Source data
*** Begin section ***

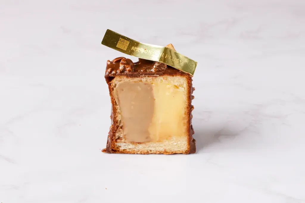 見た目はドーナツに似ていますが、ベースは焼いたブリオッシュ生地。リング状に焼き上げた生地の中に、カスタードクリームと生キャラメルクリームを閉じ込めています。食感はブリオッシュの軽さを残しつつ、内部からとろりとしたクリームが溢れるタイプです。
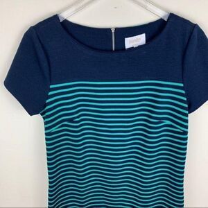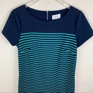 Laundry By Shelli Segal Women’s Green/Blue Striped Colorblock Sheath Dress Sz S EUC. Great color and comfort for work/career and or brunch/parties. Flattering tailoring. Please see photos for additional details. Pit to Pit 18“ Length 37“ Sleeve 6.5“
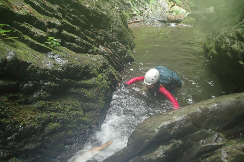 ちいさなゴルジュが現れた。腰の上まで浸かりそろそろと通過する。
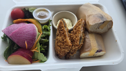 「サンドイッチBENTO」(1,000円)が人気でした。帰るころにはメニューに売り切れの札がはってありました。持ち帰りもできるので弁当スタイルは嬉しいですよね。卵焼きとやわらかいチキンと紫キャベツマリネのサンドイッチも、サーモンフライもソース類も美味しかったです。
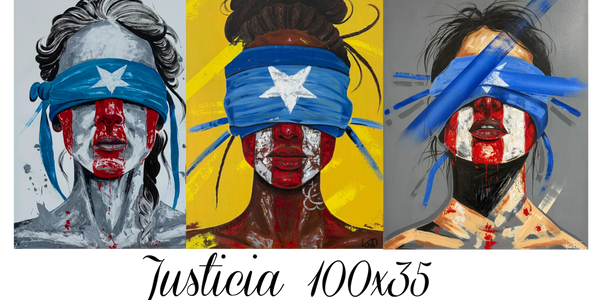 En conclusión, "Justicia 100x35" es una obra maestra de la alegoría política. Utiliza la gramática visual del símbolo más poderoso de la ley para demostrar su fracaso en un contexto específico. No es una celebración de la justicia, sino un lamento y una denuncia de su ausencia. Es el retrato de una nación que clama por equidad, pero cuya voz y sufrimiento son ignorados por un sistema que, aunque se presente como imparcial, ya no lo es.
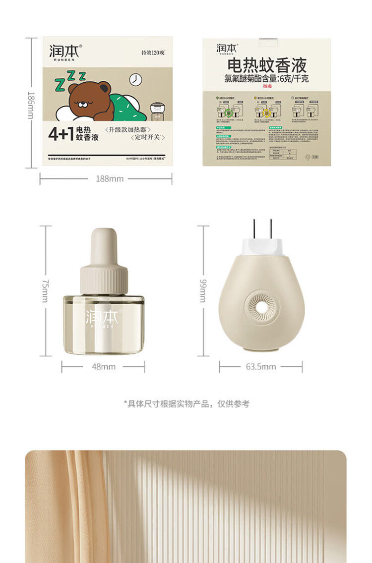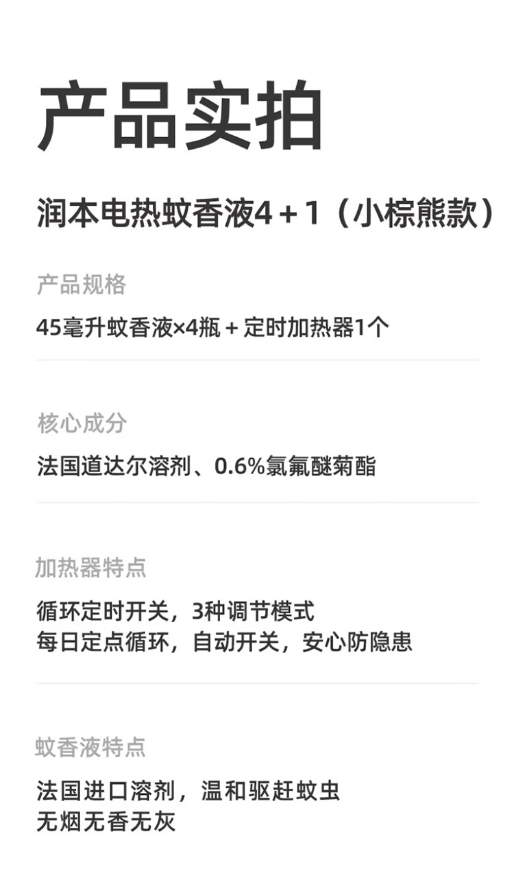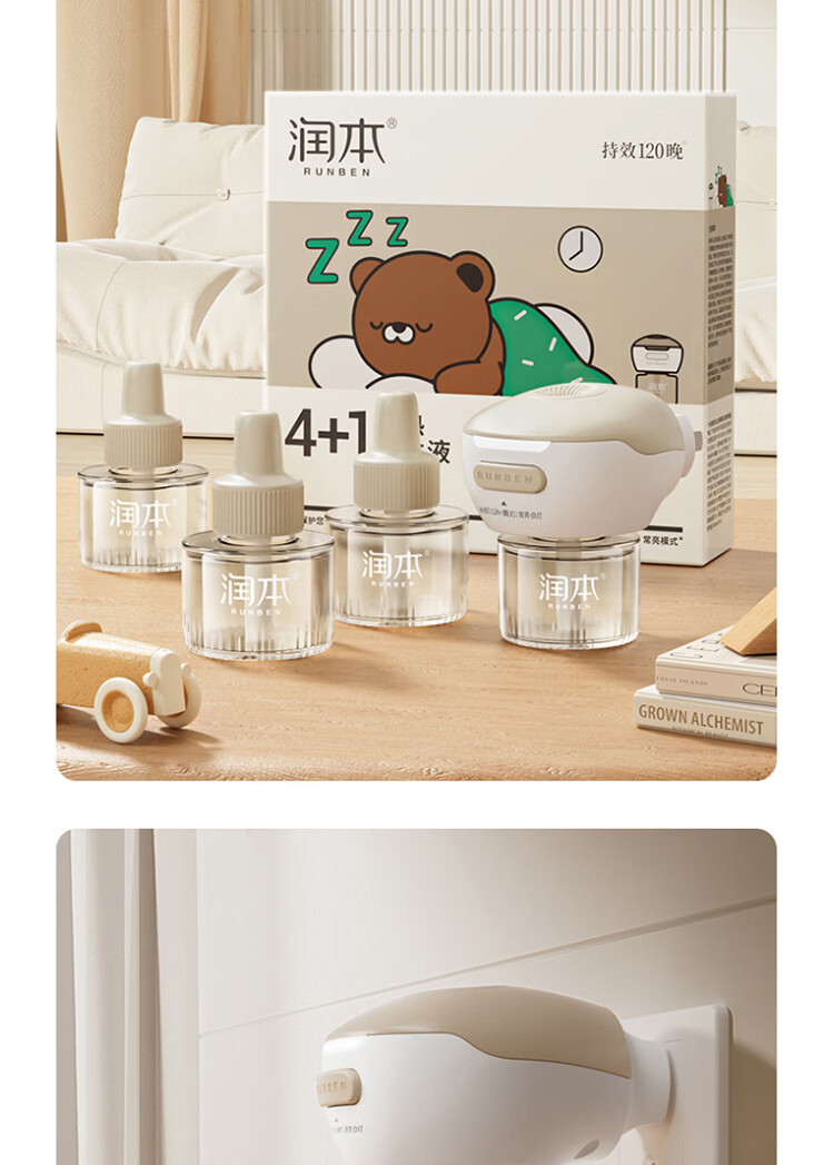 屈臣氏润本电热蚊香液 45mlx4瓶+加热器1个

*** End section ***

__PROBLEM REQUIREMENTS__: An exact printout of the entries is wanted, covering the first line through the line holding "Laundry By Shelli", with pictures kept out of it.

__TASK OUTPUT__:
 見た目はドーナツに似ていますが、ベースは焼いたブリオッシュ生地。リング状に焼き上げた生地の中に、カスタードクリームと生キャラメルクリームを閉じ込めています。食感はブリオッシュの軽さを残しつつ、内部からとろりとしたクリームが溢れるタイプです。
 Laundry By Shelli Segal Women’s Green/Blue Striped Colorblock Sheath Dress Sz S EUC. Great color and comfort for work/career and or brunch/parties. Flattering tailoring. Please see photos for additional details. Pit to Pit 18“ Length 37“ Sleeve 6.5“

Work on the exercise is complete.